Commercial Real Estate Investment Opportunities in Hong Kong

Published on and written by Cyril Jarnias

Investing in Commercial Real Estate in Hong Kong

Hong Kong, renowned as one of the world’s financial capitals, offers a dynamic and ever-evolving landscape for those looking to explore commercial real estate investment opportunities.

With its strategic geographical position and role as a gateway between Asia and the rest of the world, Hong Kong attracts not only international businesses but also investors seeking attractive returns and portfolio diversification.

As the city evolves to meet the needs of modern industries, redevelopment projects and new infrastructure create unique opportunities that promise to transform the market.

By adopting an informed and strategic approach, investors can leverage this unique dynamic to achieve substantial gains in one of the world’s most competitive urban environments.

Good to Know:

Hong Kong benefits from a transparent legal framework that’s favorable to foreign investment, making it a preferred destination for commercial real estate.

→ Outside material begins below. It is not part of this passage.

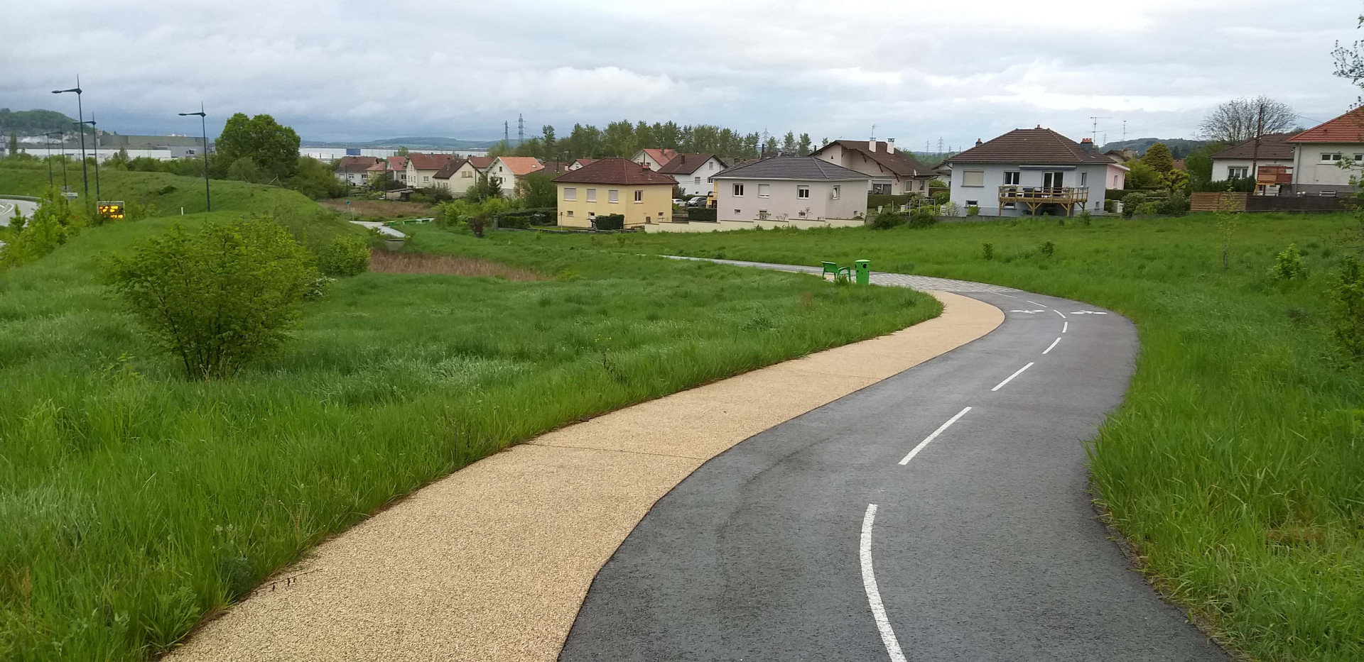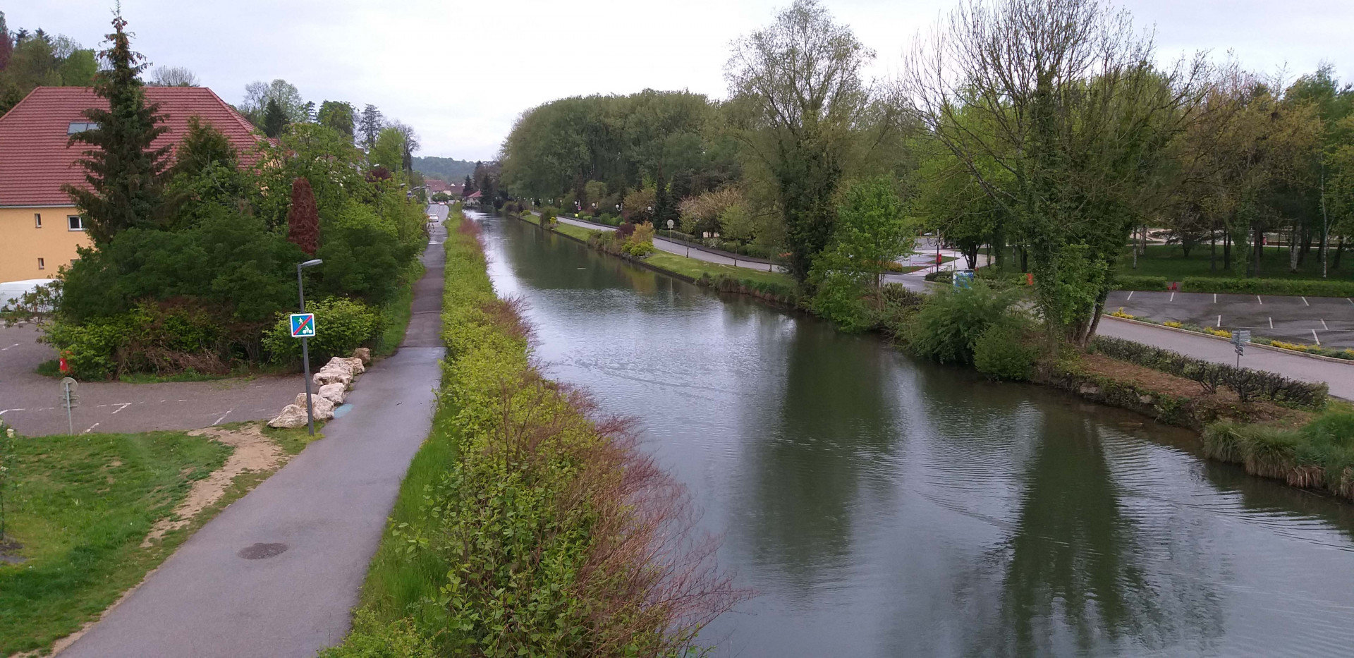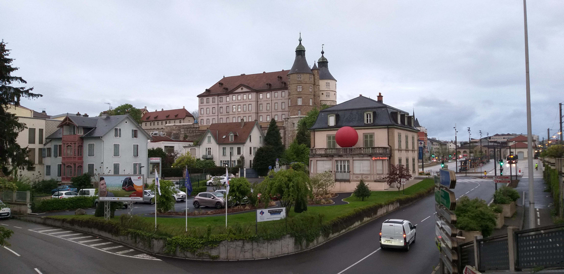 Монбельяр встретил пасмурной и дождливой погодой. Немного поплутав по развязке, выезжаем к нашему отелю. Заселившись и сверившись с картами, решаем до центра прогуляться пешком. Делаем небольшой крюк, сворачивая сразу не туда от отеля, пресловутая развязка, на которой петляли ранее на машине. Зато выходим на ухоженную пешеходную тропу, которая в итоге привела нас прямо в центр. Встречных людей не много, можно сказать совсем нет, по причине плохой погоды и позднего, для среднего европейца времени суток. Со всеми дневными переездами, вышли из отеля на прогулку около восьми вечера. Пока добирались до центра опустились сумерки и дождь припустил сильнее. Решаем вернуться в отель, ноги размяли и хватит.
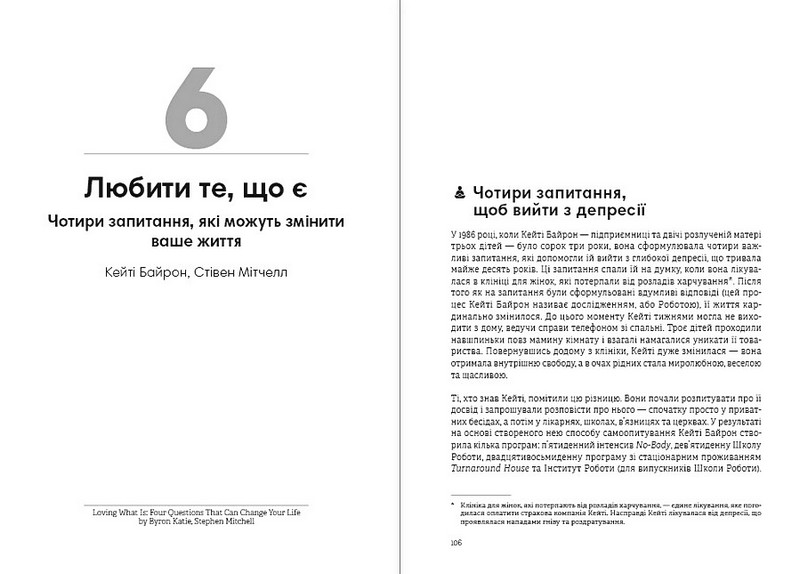 6. «Любити те, що є. Чотири запитання, які можуть змінити ваше життя» Кейті Байрон, Стівена Мітчелла;

Discovering Commercial Real Estate in Hong Kong

Hong Kong’s commercial real estate market in 2025 is characterized by oversupply, record vacancy rates, and continued pressure on rents, offering investors both opportunities and significant risks.

Recent Trends

  • High Vacancy Rates:
    • Offices: rates reaching 13.6% in H1 2025 (up to 19% in some districts).
    • Retail: vacancy at 10.5% for luxury shopping centers and street-front stores.
  • Continued Decline in Rents and Values:
    • Commercial asset values expected to decline an additional 5-10% this year.
    • Premium office rents: cumulative decline of approximately -41.4% since the 2019 peak.
  • Significant New Office Supply Expected (~3.5 million net square feet expected for delivery this year), increasing downward pressure.
SectorVacancy Rate (%)Annual Value Change (%)Annual Rent Change (%)
OfficesUp to ~19-5 to -10-2.5 (premium)
Retail (luxury)~10.5Not specified-3.4
Retail (street)~12Not specified-2.3
Logistics~10Not specified-0.8 quarterly

Preferred Investment Districts

  • Central & Admiralty: Still preferred despite general decline; high concentration of premium buildings offering relative resilience.
  • Tsim Sha Tsui & Causeway Bay: Heart of high-end retail with recent major projects like International Gateway Centre or One Causeway Bay.
  • Kowloon East: Emerging district with modern buildings attracting “flight to quality” movement.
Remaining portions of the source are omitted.